R/findMotifsInPromoterSeqs.R
In ChIPpeakAnno: Batch annotation of the peaks identified from either ChIP-seq, ChIP-chip experiments or any experiments resulted in large number of chromosome ranges

Documented in findMotifsInPromoterSeqs

#' Find occurence of input motifs in the promoter regions of the input gene
#' list
#' 
#' Find occurence of input motifs in the promoter regions of the input gene
#' list
#' 
#' This function outputs the motif occuring locations in the promoter regions
#' of input gene list and input motifs. It also can find paired motifs within
#' specificed gap threshold
#' 
#' @param patternFilePath1 File path containing a list of known motifs.
#' Required
#' @param patternFilePath2 File path containing a motif requried to be in the
#' flanking regions of the motif(s) in the first file, i.e, patternFilePath1.
#' Requried if findPairedMotif is set to TRUE
#' @param BSgenomeName A BSgenome object. For a list of existing Bsgenomes,
#' please refer use the function available.genomes in BSgenome package. For
#' example,BSgenome.Hsapiens.UCSC.hg38 is for hg38, BSgenome.Hsapiens.UCSC.hg19
#' is for hg19, BSgenome.Mmusculus.UCSC.mm10 is for mm10,
#' BSgenome.Celegans.UCSC.ce6 is for ce6 BSgenome.Rnorvegicus.UCSC.rn5 is for
#' rn5, BSgenome.Drerio.UCSC.danRer7 is for Zv9, and
#' BSgenome.Dmelanogaster.UCSC.dm3 is for dm3. Required
#' @param findPairedMotif Find motifs in paired configuration only or not.
#' Default FALSE
#' @param txdb A TxDb object. For creating and using TxDb object, please refer
#' to GenomicFeatures package. For a list of existing TxDb object, please
#' search for annotation package starting with Txdb at
#' http://www.bioconductor.org/packages/release/BiocViews.html#___AnnotationData,
#' such as TxDb.Rnorvegicus.UCSC.rn5.refGene for rat,
#' TxDb.Mmusculus.UCSC.mm10.knownGene for mouse,
#' TxDb.Hsapiens.UCSC.hg19.knownGene and TxDb.Hsapiens.UCSC.hg38.knownGene for
#' human, TxDb.Dmelanogaster.UCSC.dm3.ensGene for Drosophila and
#' TxDb.Celegans.UCSC.ce6.ensGene for C.elegans
#' @param geneIDs One or more gene entrez IDs. For example the entrez ID for
#' EWSIR is 2130 https://www.genecards.org/cgi-bin/carddisp.pl?gene=EWSR1 You
#' can use the addGeneIDs function in ChIPpeakAnno to convert other types of
#' Gene IDs to entrez ID
#' @param upstream Number of bases upstream of the TSS to search for the
#' motifs. Default 5000L
#' @param downstream Number of bases downstream of the TSS to search for the
#' motifs.
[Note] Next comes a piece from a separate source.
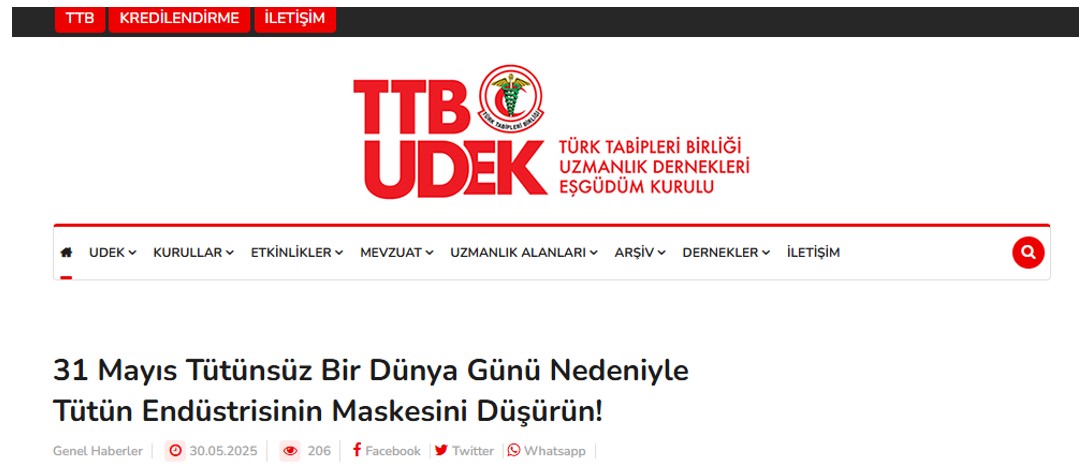 TTB UDEK "31 Mayıs Tütünsüz Bir Dünya Günü Nedeniyle Tütün Endüstrisinin Maskesini Düşürün!" Bildirisi

Default 5000L
#' @param name.motif1 Name of the motif in inputfilePath2 for labeling the
#' output file column. Default motif1. used only when searching for motifs in
#' paired configuration
#' @param name.motif2 Name of the motif in inputfilePath2 for labeling the
#' output file column. Default motif2 used only when searching for motifs in
#' paired configuration
#' @param max.distance maximum required gap between a paired motifs to be
#' included in the output file. Default 100L
#' @param min.distance Minimum required gap between a paired motifs to be
#' included in the output file. Default 1L
#' @param motif.orientation Required relative oriention between paired motifs:
#' both means any orientation, motif1UpstreamOfMotif2 means motif1 needs to be
#' located on the upstream of motif2, and motif2UpstreamOfMoif1 means motif2
#' needs to be located on the upstream of motif1. Default both
#' @param ignore.strand Specify whether paired motifs should be located on the
#' same strand. Default FALSE
#' @param format The format of the files specified in inputFilePath1 and
#' inputFilePath2. Default fasta
#' @param skip Specify number of lines to skip at the beginning of the input
#' file. Default 0L
#' @param motif1LocForDistance Specify whether to use the start or end of the
#' motif1 location to calculate distance between paired motifs. Only applicable
#' when findPairedMotif is set to TRUE. Default end
#' @param motif2LocForDistance Specify whether to use the start or end of the
#' motif2 location to calculate distance between paired motifs. Only applicable
#' when findPairedMotif is set to TRUE. Default start
#' @param outfile File path to save the search results
#' @param append Specify whether to append the results to the specified output
#' file, i.e., outfile. Default FALSE
#' @return A vector of numeric. It is the background corrected log2-transformed
#' ratios, CPMRatios or OddRatios.
#' 
#' An object of GRanges with metadata "tx_start", "tx_end tx_strand", "tx_id",
#' "tx_name", "Gene ID", and motif specific information such as motif name,
#' motif found, motif strand etc.
#' @author Lihua Julie Zhu
#' @export
#' @importFrom GenomicFeatures transcriptsBy 
#' @importFrom S4Vectors mcols
#' @importFrom utils write.table
#' @examples
#' 
#' 
#' library("BSgenome.Hsapiens.UCSC.hg38")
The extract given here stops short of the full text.